* The input *
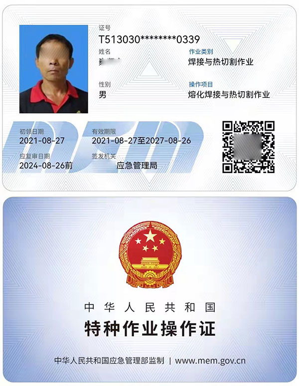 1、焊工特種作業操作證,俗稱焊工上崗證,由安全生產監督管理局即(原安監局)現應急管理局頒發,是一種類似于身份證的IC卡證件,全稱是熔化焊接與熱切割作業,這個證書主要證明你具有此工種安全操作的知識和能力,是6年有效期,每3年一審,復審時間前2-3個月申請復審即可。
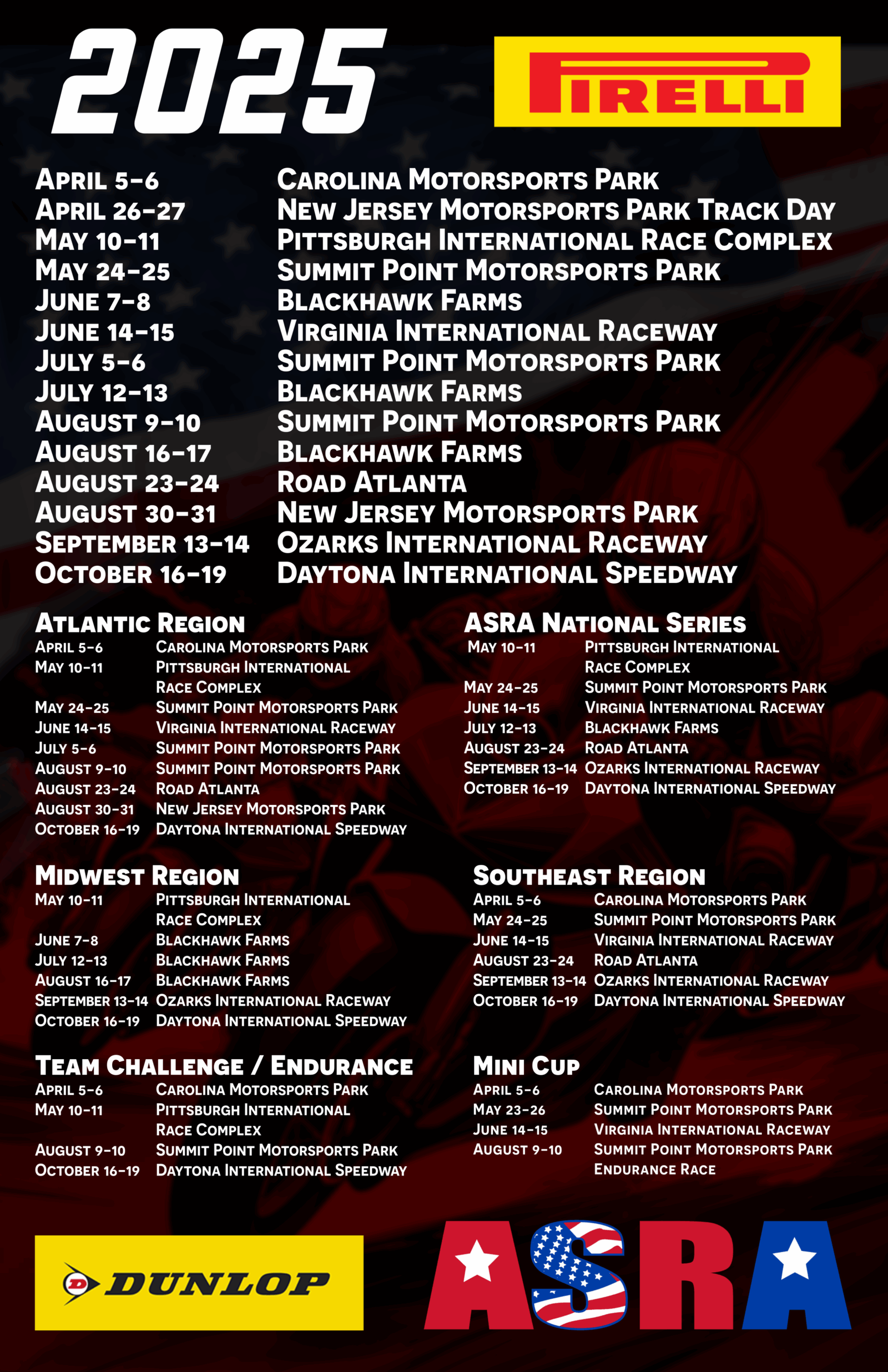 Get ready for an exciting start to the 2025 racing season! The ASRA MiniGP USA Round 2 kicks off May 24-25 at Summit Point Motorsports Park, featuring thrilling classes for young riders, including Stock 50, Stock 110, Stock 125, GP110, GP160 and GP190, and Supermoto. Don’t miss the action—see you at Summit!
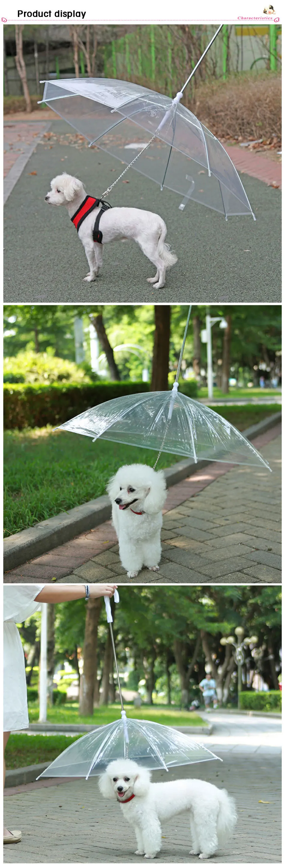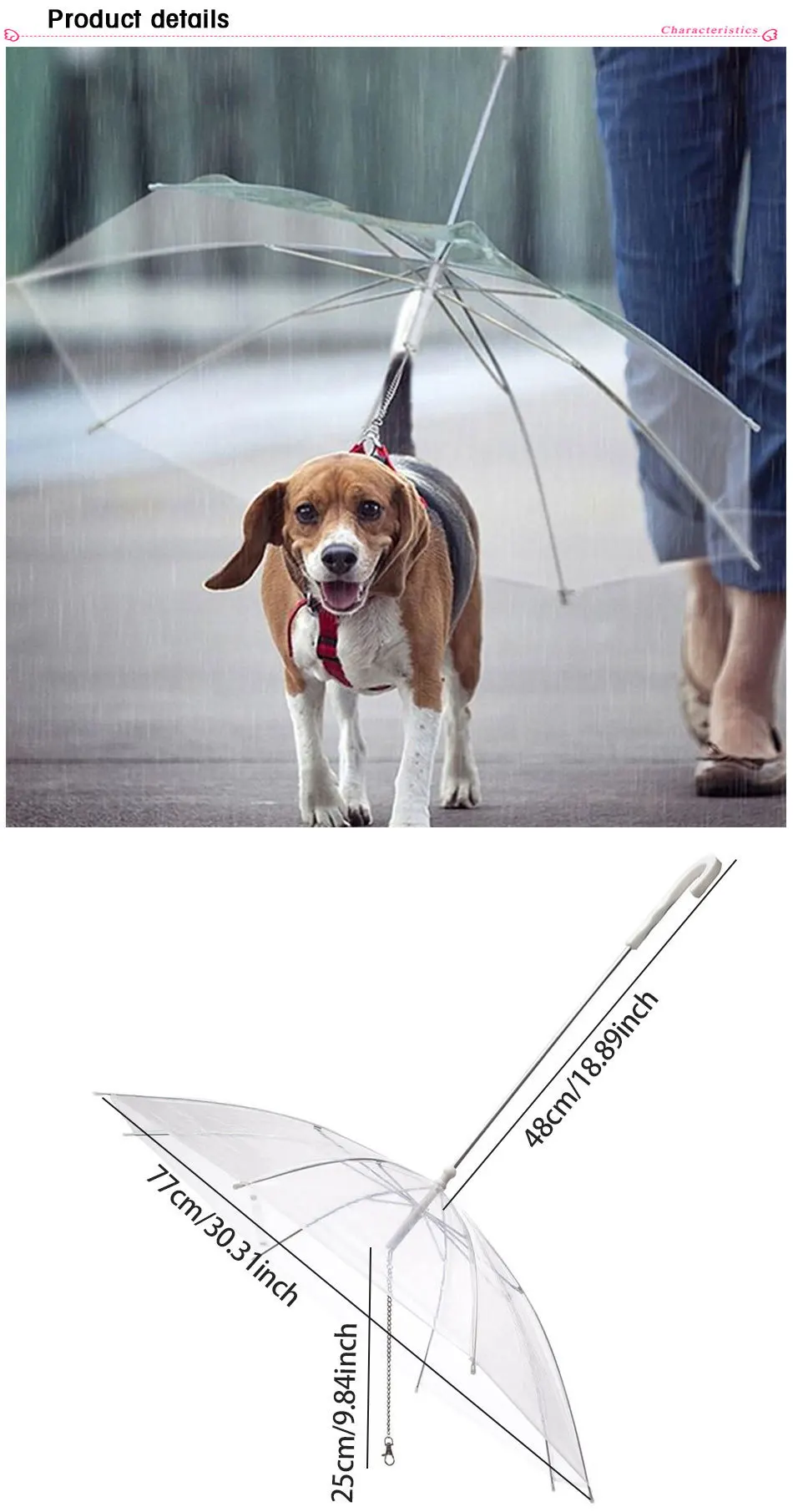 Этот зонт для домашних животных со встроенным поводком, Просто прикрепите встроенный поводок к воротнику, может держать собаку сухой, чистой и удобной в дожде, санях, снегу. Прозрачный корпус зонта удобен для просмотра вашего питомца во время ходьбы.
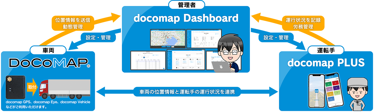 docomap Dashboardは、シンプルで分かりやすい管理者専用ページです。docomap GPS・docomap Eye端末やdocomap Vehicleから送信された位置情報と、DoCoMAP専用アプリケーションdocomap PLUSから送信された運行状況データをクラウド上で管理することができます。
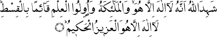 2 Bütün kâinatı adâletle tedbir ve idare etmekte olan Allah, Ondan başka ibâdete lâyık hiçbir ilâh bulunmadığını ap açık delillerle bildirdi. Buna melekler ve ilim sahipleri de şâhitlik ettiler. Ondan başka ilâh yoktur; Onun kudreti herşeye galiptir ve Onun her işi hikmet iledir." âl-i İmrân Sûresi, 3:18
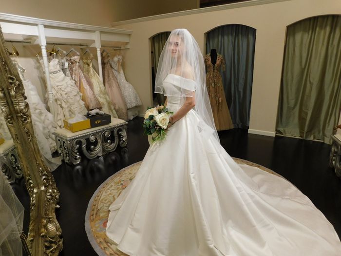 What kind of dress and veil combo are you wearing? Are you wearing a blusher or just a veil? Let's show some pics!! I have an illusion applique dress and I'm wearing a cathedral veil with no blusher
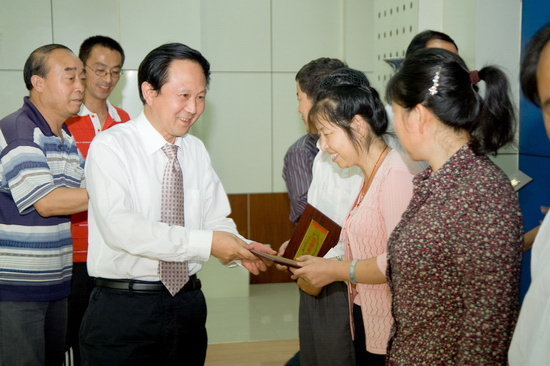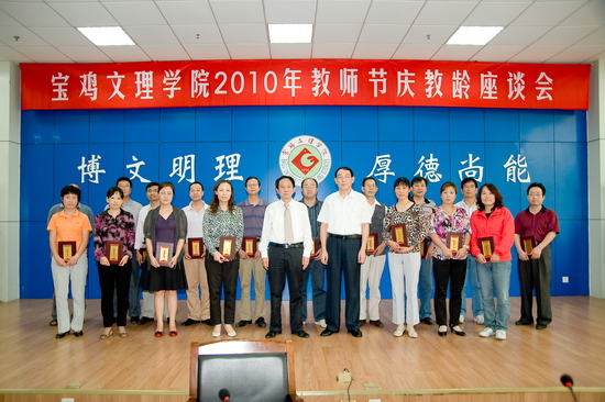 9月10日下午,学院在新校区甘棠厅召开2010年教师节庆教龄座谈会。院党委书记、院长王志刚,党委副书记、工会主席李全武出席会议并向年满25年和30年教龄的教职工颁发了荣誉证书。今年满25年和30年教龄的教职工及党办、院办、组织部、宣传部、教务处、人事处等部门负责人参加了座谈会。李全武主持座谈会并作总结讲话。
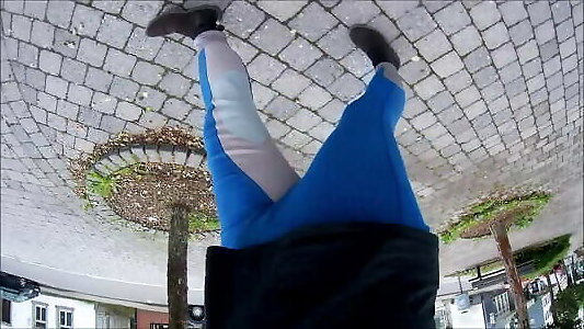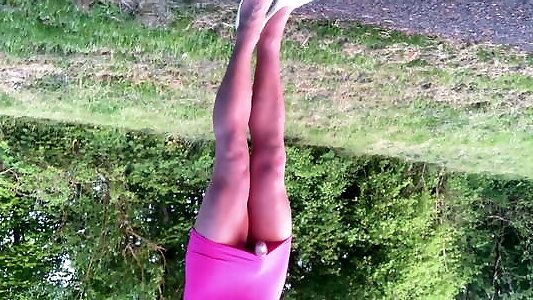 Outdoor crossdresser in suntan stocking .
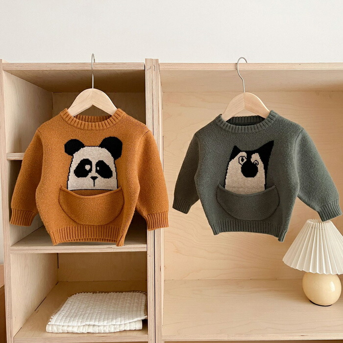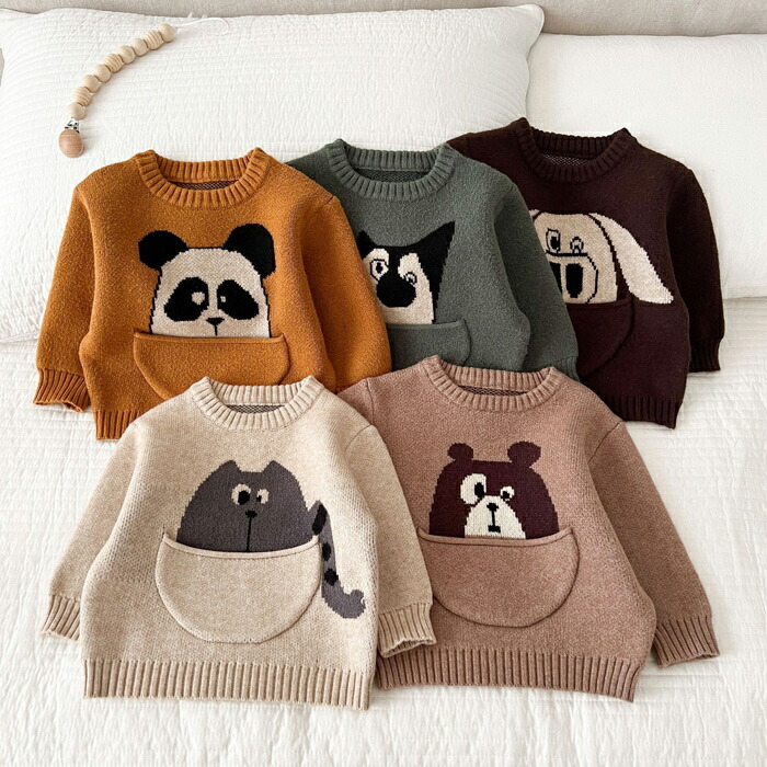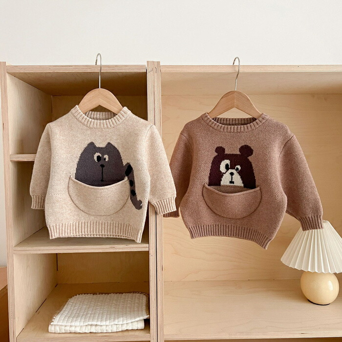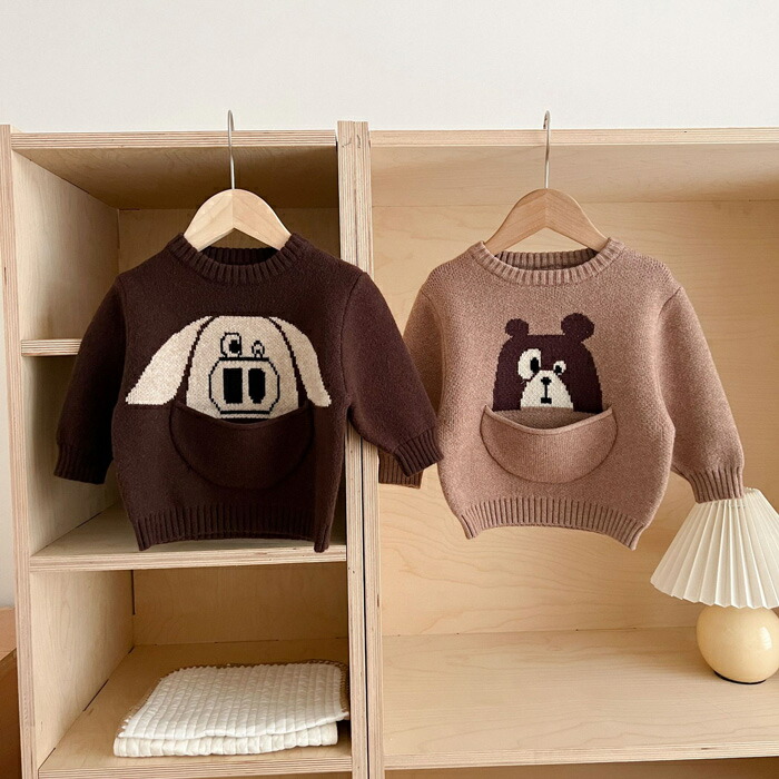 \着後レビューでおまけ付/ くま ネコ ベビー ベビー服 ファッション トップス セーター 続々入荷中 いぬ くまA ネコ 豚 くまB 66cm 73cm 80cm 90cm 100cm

* Task details *
Copy out all the entries exactly. Images stay out of the copy.

* Response *
 1、焊工特種作業操作證,俗稱焊工上崗證,由安全生產監督管理局即(原安監局)現應急管理局頒發,是一種類似于身份證的IC卡證件,全稱是熔化焊接與熱切割作業,這個證書主要證明你具有此工種安全操作的知識和能力,是6年有效期,每3年一審,復審時間前2-3個月申請復審即可。
 Get ready for an exciting start to the 2025 racing season! The ASRA MiniGP USA Round 2 kicks off May 24-25 at Summit Point Motorsports Park, featuring thrilling classes for young riders, including Stock 50, Stock 110, Stock 125, GP110, GP160 and GP190, and Supermoto. Don’t miss the action—see you at Summit!
 Этот зонт для домашних животных со встроенным поводком, Просто прикрепите встроенный поводок к воротнику, может держать собаку сухой, чистой и удобной в дожде, санях, снегу. Прозрачный корпус зонта удобен для просмотра вашего питомца во время ходьбы.
 docomap Dashboardは、シンプルで分かりやすい管理者専用ページです。docomap GPS・docomap Eye端末やdocomap Vehicleから送信された位置情報と、DoCoMAP専用アプリケーションdocomap PLUSから送信された運行状況データをクラウド上で管理することができます。
 2 Bütün kâinatı adâletle tedbir ve idare etmekte olan Allah, Ondan başka ibâdete lâyık hiçbir ilâh bulunmadığını ap açık delillerle bildirdi. Buna melekler ve ilim sahipleri de şâhitlik ettiler. Ondan başka ilâh yoktur; Onun kudreti herşeye galiptir ve Onun her işi hikmet iledir." âl-i İmrân Sûresi, 3:18
 What kind of dress and veil combo are you wearing? Are you wearing a blusher or just a veil? Let's show some pics!! I have an illusion applique dress and I'm wearing a cathedral veil with no blusher
 9月10日下午,学院在新校区甘棠厅召开2010年教师节庆教龄座谈会。院党委书记、院长王志刚,党委副书记、工会主席李全武出席会议并向年满25年和30年教龄的教职工颁发了荣誉证书。今年满25年和30年教龄的教职工及党办、院办、组织部、宣传部、教务处、人事处等部门负责人参加了座谈会。李全武主持座谈会并作总结讲话。
 Outdoor crossdresser in suntan stocking .
 \着後レビューでおまけ付/ くま ネコ ベビー ベビー服 ファッション トップス セーター 続々入荷中 いぬ くまA ネコ 豚 くまB 66cm 73cm 80cm 90cm 100cm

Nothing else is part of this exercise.